We reshape \({F}_{t}^{r}\) and \({F}_{t-1}^{r}\) to original shape \(\mathbb {R}^{H \times W \times C}\) for further integrating contexts from the features from adjacent frames. The fusion feature map is obtained by concatenating \({F_{t}}\) and \({F_{t-1}}\), denoted as the operation \(\textbf{Cat}\). The spatial gated maps and channel-wise gated vectors are utilized to reveal significant information in spatial and frequency paths, as follows,

$$\begin{aligned} \begin{array}{l} s_{j} =\textbf{Sigmoid}\left( \textbf{Conv}_{j}\left( \textbf{Cat}({F_{t}^{r}}, {F_{t-1}^{r}})\right) \right) , j=1,2,3,4, \\ c_{j} =\textbf{Sigmoid}\left( \textbf{FC}_{j}\left( \textbf{GAP}(\textbf{Cat}({F_{t}^{r}}, {F_{t-1}^{r}}))\right) \right) , j=1,2,3,4, \end{array}\nonumber \\ \end{aligned}$$
(6)

where \(\textbf{Conv}_{j}\), \(\textbf{FC}_{j}\) and \(\textbf{GAP}\) are the abbreviations of j-th convolution layer, j-th fully connected layer and global average pooling operations, respectively. The learned \(s_{j}\) and \(c_{j}\) are multiplied with spatial and frequency paths in the second step of the FCA operation.

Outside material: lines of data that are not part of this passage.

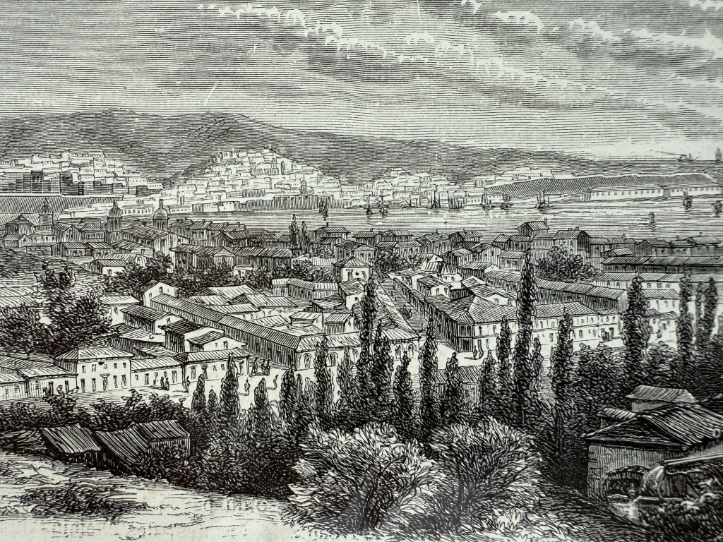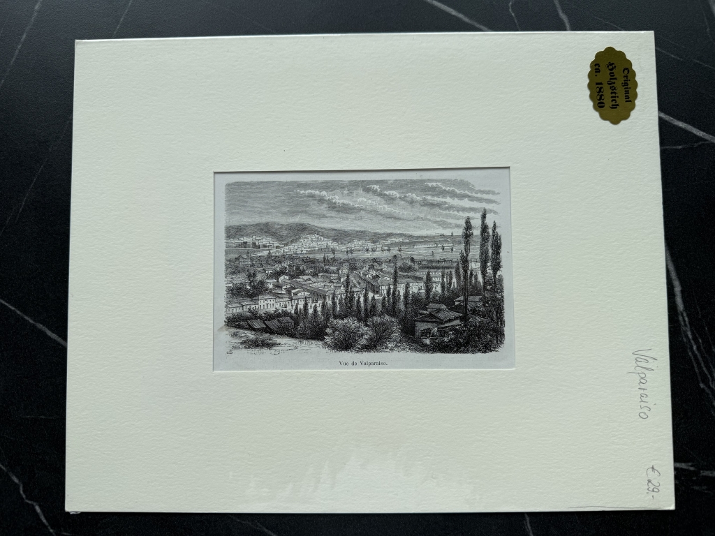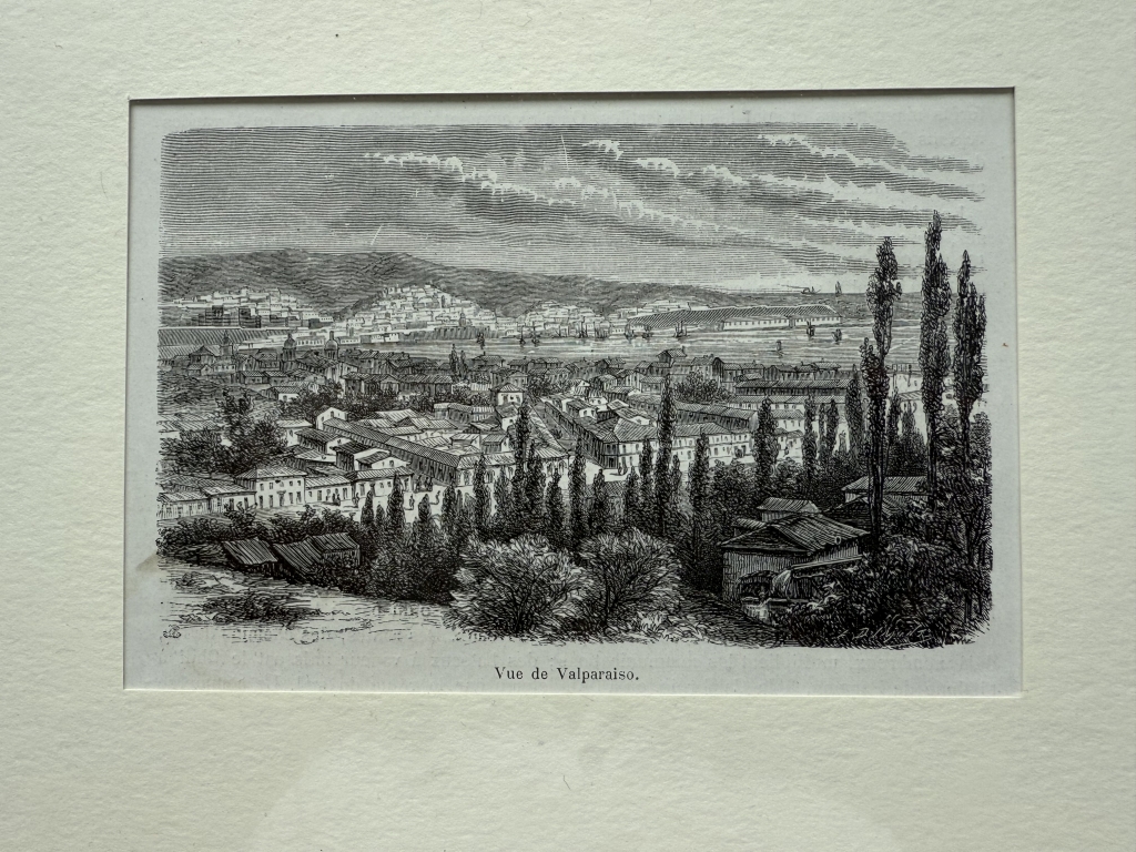 Se nos muestra una rara panorámica de la ciudad y puerto de Valparaíso, en la costa de Chile (América del sur), en la que se pueden observar los edificios más relevantes de esta localidady numerosos barcos de vela en su bahia.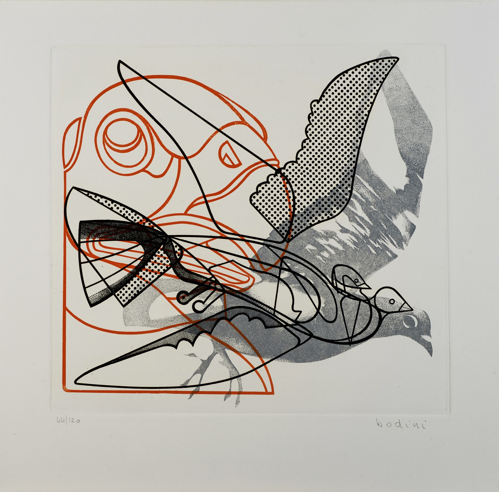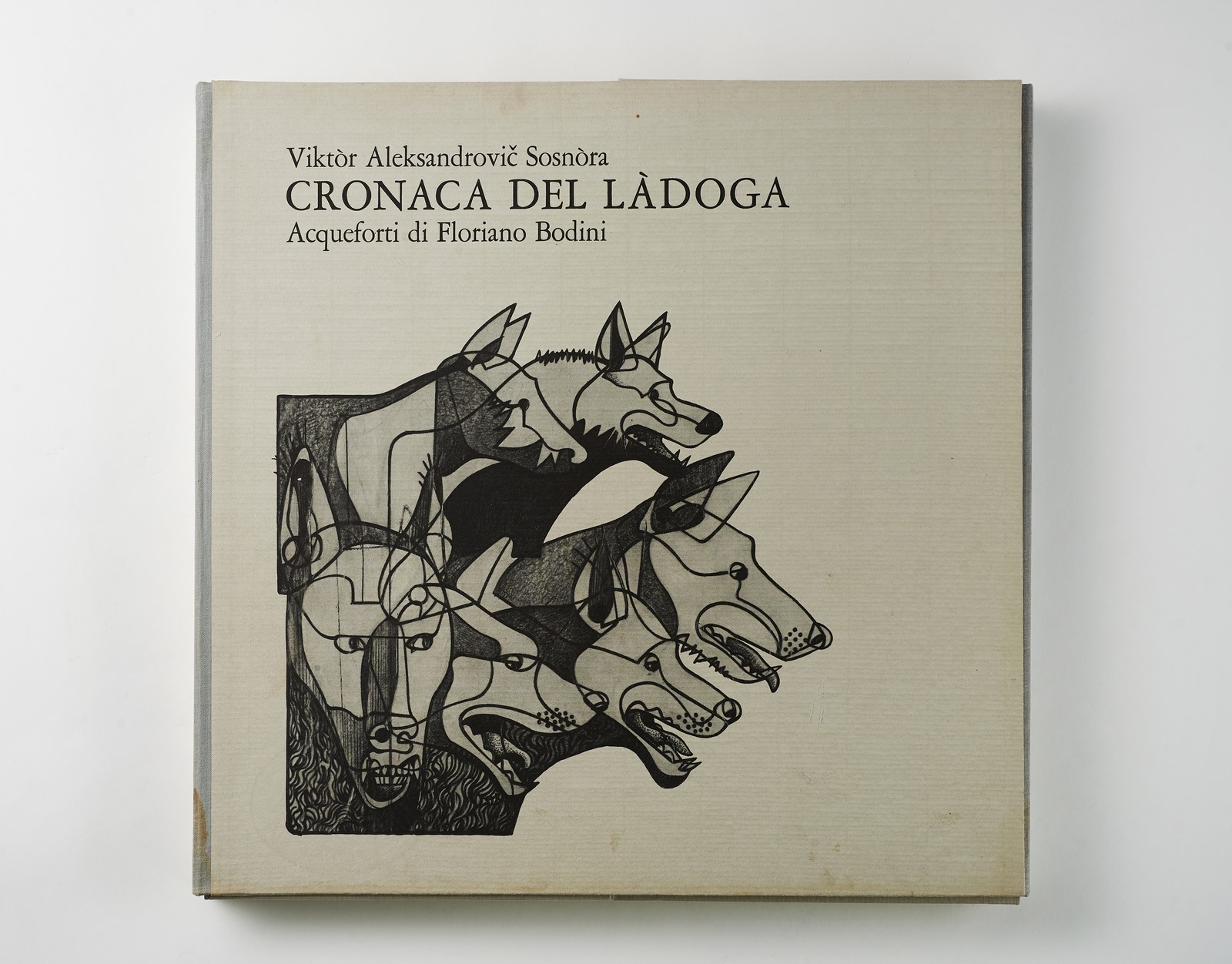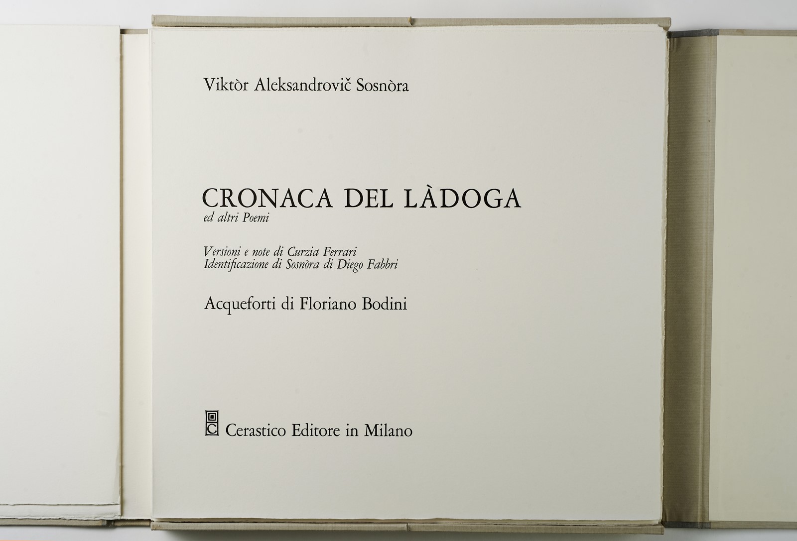 BODINI FLORIANO (1933 - 2005) Cronaca del làdoga. Libro d'arte. Cm 42,00 x 42,00. 44/120. Libro di Viktror Aleksandrovic Sosnora, Cerastico Editore, Milano contenente n.6 acqueforti di Floriano Bodini firmate e numerate in basso a matita. Confezione originale.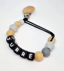 Speenkoord Met Naam Lalieloe – Speenhouder – Kraamcadeau – Speenketting – Woody Grey Naam

Subsequently, we aim to capture better underlying temporal dynamics based on the fused information from both spatial and frequency feature paths. Compared with conventional CNN, discrete wavelet transform (DWT) (Liu et al., 2018) can exploit frequency and location characteristics (Daubechies, 1990) to extract the features that are more aware of their contexts. Moreover, similarly, the learned spatial gated maps \(s_{1}, s_{4}\) and channel-wise gated vectors \(c_{1}, c_{4}\) are utilized to further unveil the significant information in the frequency path. Then, the original feature can be accurately restored by inverse wavelet transform (IWT). We adopt similar operations on the feature maps in the spatial path to those in the frequency path. After the fusion of the spatial and frequency information, the enhanced features are treated as a gated map to preserve detailed texture, producing \(T_{t}^{r}\) and \(T_{t-1}^{r}\). In this way, the network is better aware of the spatial and temporal context, therefore being capable of achieving temporal consistency and suppressing flicker.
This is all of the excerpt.